11. Bake something delicious.
If you can’t have a meal with your mom, but you live in the same area, you can still drop off something she’ll enjoy eating. If you’ve been on the same bread baking spree as the rest of the world, how about dropping off a fresh loaf of your walnut wheat or rosemary rye? If the whole bread baking thing is not your jam, you can keep it simple and bring her some home-baked cookies.

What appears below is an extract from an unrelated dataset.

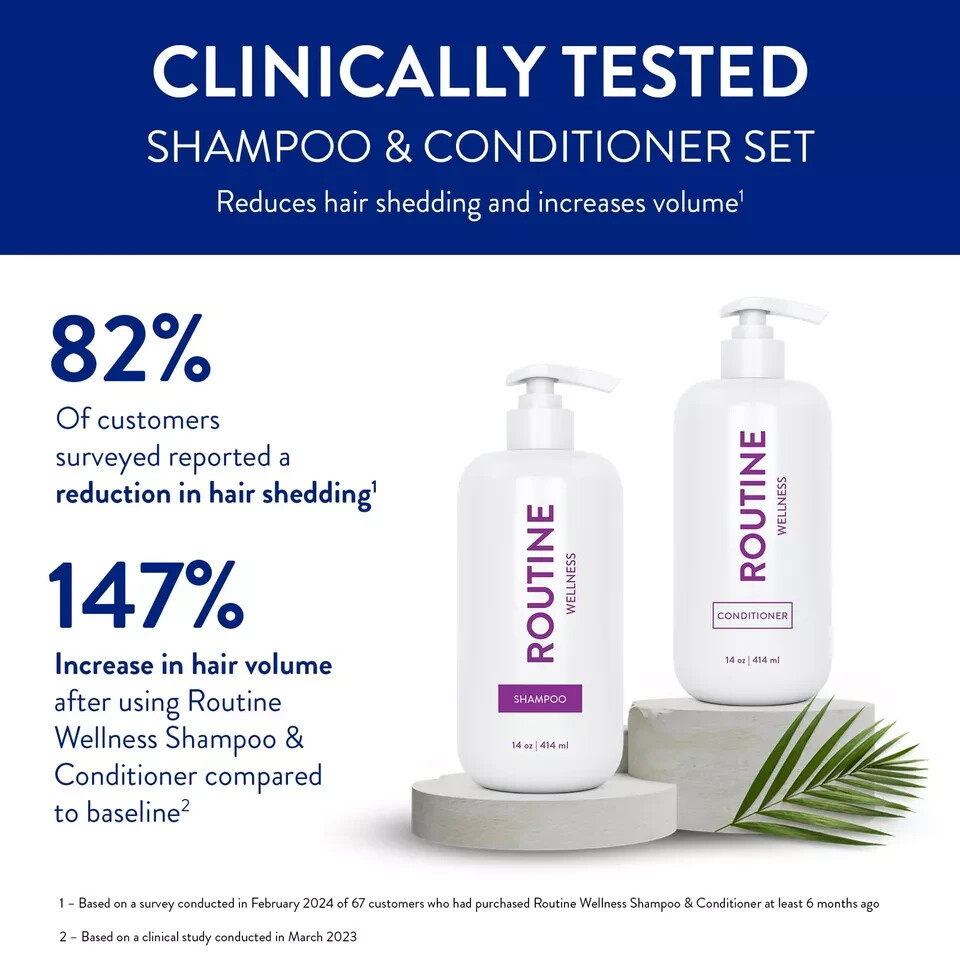 Routine Wellness Anti-Thinning Shampoo and Conditioner Set for Thinning Hair ... BIOTIN SHAMPOO AND CONDITIONER: Our biotin hair strengthening shampoo and conditioner set for women and men is designed to combat hair thinning. Enriched with biotin and saw palmetto oil (a DHT blocking ingredient), argan oil, nettle oil and other premium ingredients, our shampoo will provide you the essential hair vitamins for stronger, fuller-looking hair. ROUTINE WELLNESS SHAMPOO AND CONDITIONER SET: Infused with hair strengthening ingredients for women and men, Routine Wellness Shampoo and Conditioner reduces thinning caused by breakage, ensuring your hair feels stronger and fuller with our best shampoo and conditioner. SULFATE FREE & COLOR SAFE FOR THINNING HAIR: Preserve your hair color while nourishing each strand with our sulfate free shampoo and conditioner. This gentle yet effective formula is perfect for color treated hair, offering a safe choice for your hair strengthening product. HAIR LOSS TREATMENTS FOR WOMEN: Explore effective hair thinning treatments with our biotin shampoo for women and men. This hydrating shampoo and conditioner set is cruelty-free, sulfate free, vegan and contains no parabens, silicon, gluten, or SLS that could interfere with hair growth. HEAVENLY SCENTS: Shampoo and conditioner sets with delightful scents that leave your hair smelling fresh while deeply moisturizing and softening. Perfect for all hair types including dry hair, color treated hair, thin hair, damaged hair and normal hair. Shipping We offer FREE shipping on all orders! We ship within Three business days of payment, usually sooner. We use a selection of shipping services such as UPS, FedEx, USPS etc. We only ship to the lower 48 states, no APO/FPO addresses or PO Boxes allowed. Local pickups and combined shipping options are not provided at this time. Return You can return a product for up to 30 days from the date you purchased it. Any product you return must be in the same condition you received it and in the original packaging. Please keep the receipt. Payment We accept payment by any of the following methods: PayPal Please pay as soon as possible after winning an auction, as that will allow us to post your item to you sooner! Feedback Customer satisfaction is very important to us. If you have any problem with your order, please contact us and we will do our best to make you satisfied. Contact Us If you have any queries, please contact us via ebay. We usually respond within 24 hours on weekdays. Please visit our eBay store to check out other items for sale! Thank you for shopping at our store.

12. Make her a recipe book.
If your mom is one of those mothers who likes cookbooks, then she will love a personalized one. If you’ve been on a cooking spree while you shelter in place, we hope you’ve taken some photos of your creations. Even if you haven’t, you should still consider putting together a homemade cookbook of your creations. You can even get it bound into a regular photo book with a service like Mimeo or Shutterfly and have it sent directly to her at a later date.
13. Take her outside, if you can — and maybe not on Mother’s Day.
We think spending time outside is a great way to celebrate your mom. You could just hang out in her yard, if she has one. Another option would be a socially distanced walk in the woods that you both drive to separately. Just know that on Mother’s Day itself, beaches or parks that are open may be too crowded for comfort. So consider Saturday or, better yet, Monday, and explain to your mom why you’ve chosen a less busy day to get outdoors. Remember the placement of the day itself is arbitrary, and what really matters is dedicating time to remind your mother how much you care.